This release adds two new parameters to the deploy
action:
--ignore warnings
If your cluster is undersized or the service's deployment options are not optimally set, the cluster
might be incapable to run blue-green-deployments. In this case, you might see errors like these:
ERROR: (service my-service) was unable to place a task because no container instance met all of
its requirements. The closest matching (container-instance 123456-1234-1234-1234-1234567890) is
already using a port required by your task. For more information, see the Troubleshooting
section of the Amazon ECS Developer Guide.
There might also be warnings about insufficient memory or CPU.

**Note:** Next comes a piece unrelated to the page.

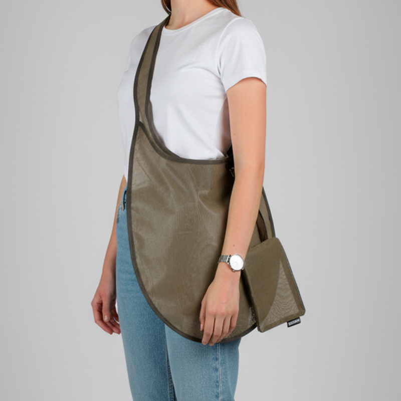 O Saco Tela Meia Lua Marrom Claro é um modelo hobo em poliéster estilo tela, leve e maleável. Possui fechamento por botão magnético e acompanha pouch/necessaire removível preso por mosquetão. Estrutura ampla para volume sem rigidez e caimento plano quando vazia. TAMANHO APROXIMADO: Bolsa 40 cm (A) × 44 cm (L) — Pouch 18 cm (L) × 13,5 cm (A).

To ignore these warnings, you can run the deployment with the flag --ignore-warnings
$ ecs deploy my-cluster my-service --ignore-warnings
In that case, the warning is printed, but the script continues and waits for a successful
deployment until it times out.
--task
To deploy any task definition (independent of which is currently used in the service), you can use the --task
parameter. The value can be:
A fully qualified task ARN
$ ecs deploy my-cluster my-service --task arn:aws:ecs:eu-central-1:123456789012:task-definition/my-task:20
A task family name with revision
$ ecs deploy my-cluster my-service --task my-task:20
Or just a task family name. It this case, the most recent revision is used
$ ecs deploy my-cluster my-service --task my-task
Important
ecs
will still create a new task definition, which then is used in the service.
This is done, to retain consistent behaviour and to ensure the ECS agent e.g. pulls all images.
But the newly created task definition will be based on the given task, not the currently used task.